Ночь. Мрак. «Черный Ворон».

Фита. – –

В черном зале польской Миссии, на Домберге, – темно. Там, внизу, в городе – проходит метель. В полях, в лесах над Балтикой, у взморий – еще воет снег, еще кружит снег, еще стонут сосны, – не разберешь: сирена ль кричит на маяке или ветер гудит, – или подлинные сирены встали со дна морского. Муть. Мгла.

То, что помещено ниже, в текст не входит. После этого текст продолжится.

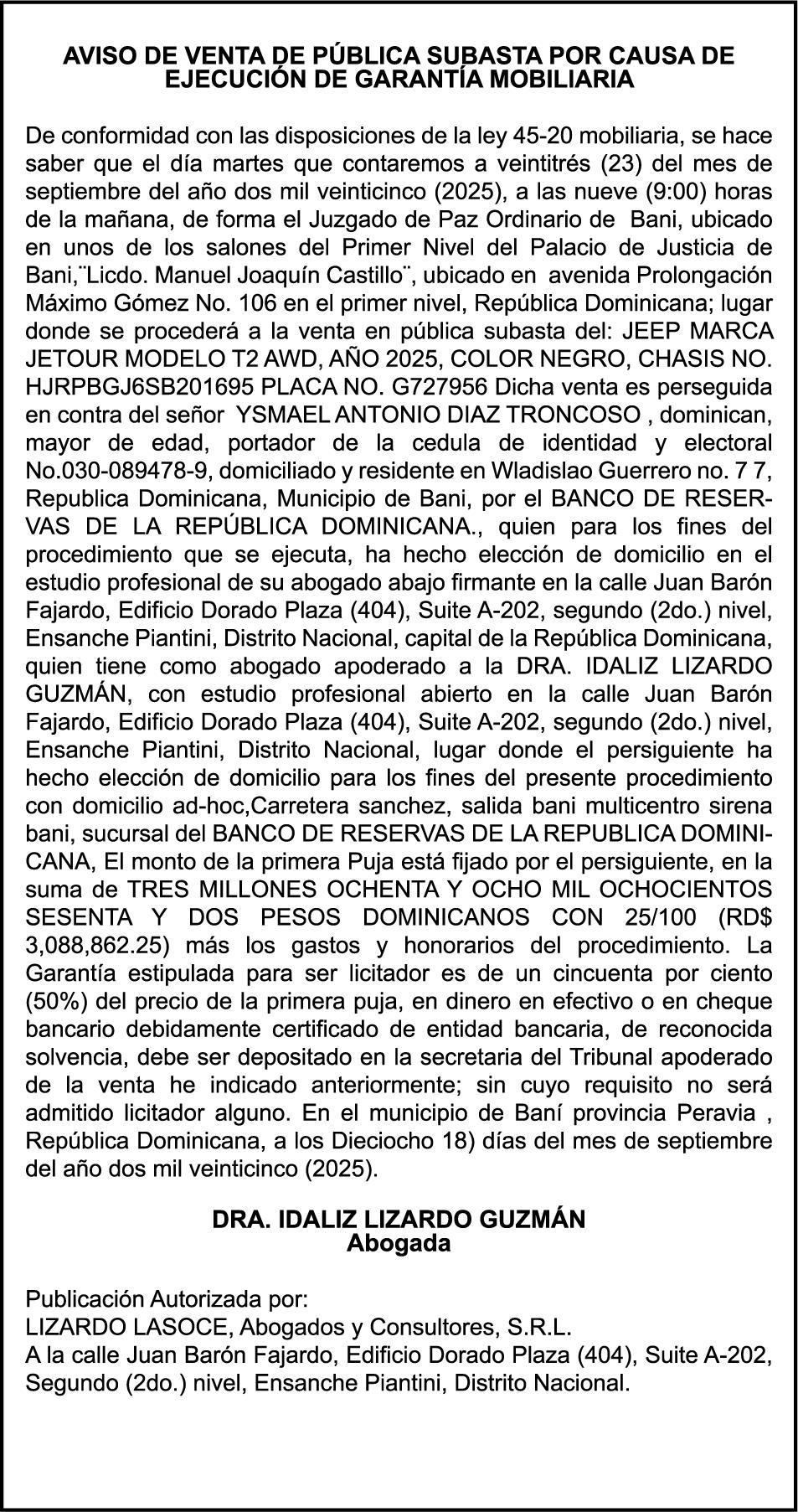 PERDIDA DE MATRICULA Automóvil Privado HYUNDAI, modelo SONATA N20, color blanco, año 2012, placa A782207, chasis KMHEU41MBCA823527, a nombre de BISQUEYLI MERCEDES TIRADO SANTANA. PERDIDA DE PLACA.NO.G466128,Chasis 1C4RJFJG8FC716350,Marca JEEP,Modelo GRAND CHEROKEE SUMMIT 4WD,Color NEGRO,Año 2015,a nombre de ROSA JULIA RODRIGUEZ,ced.001-08319476

И из мути так показалось – над полями, над взморьем, как у Чехова черный монах, – лицо мистера Роберта Смита, как череп, – не разберешь: двадцать восемь или пятьдесят или тысячелетие: на ресницы, на веки, на щеки – иней садится как на мертвое: лицу леденить коньяком – в морозе черепов и коньяк – пить из черепа, как когда-то Олег. –

– В черном зале польской Миссии темно. Полякам не простить – Россию: в смутные годы, смутью и мутью, – сходятся два народа делить неделимое. В Смутное время воевода Шеин бил поляков под Смоленском, и в новую Смуту в Россию приходили поляки к Смоленску. Не поделить неделимое и – не найти той веревочки, которой связал Россию и Польшу – в смутах – черт. В черной Миссии, – в черном зале в вышгороде – в креслах у камина сидят черные тени. О чем раговор?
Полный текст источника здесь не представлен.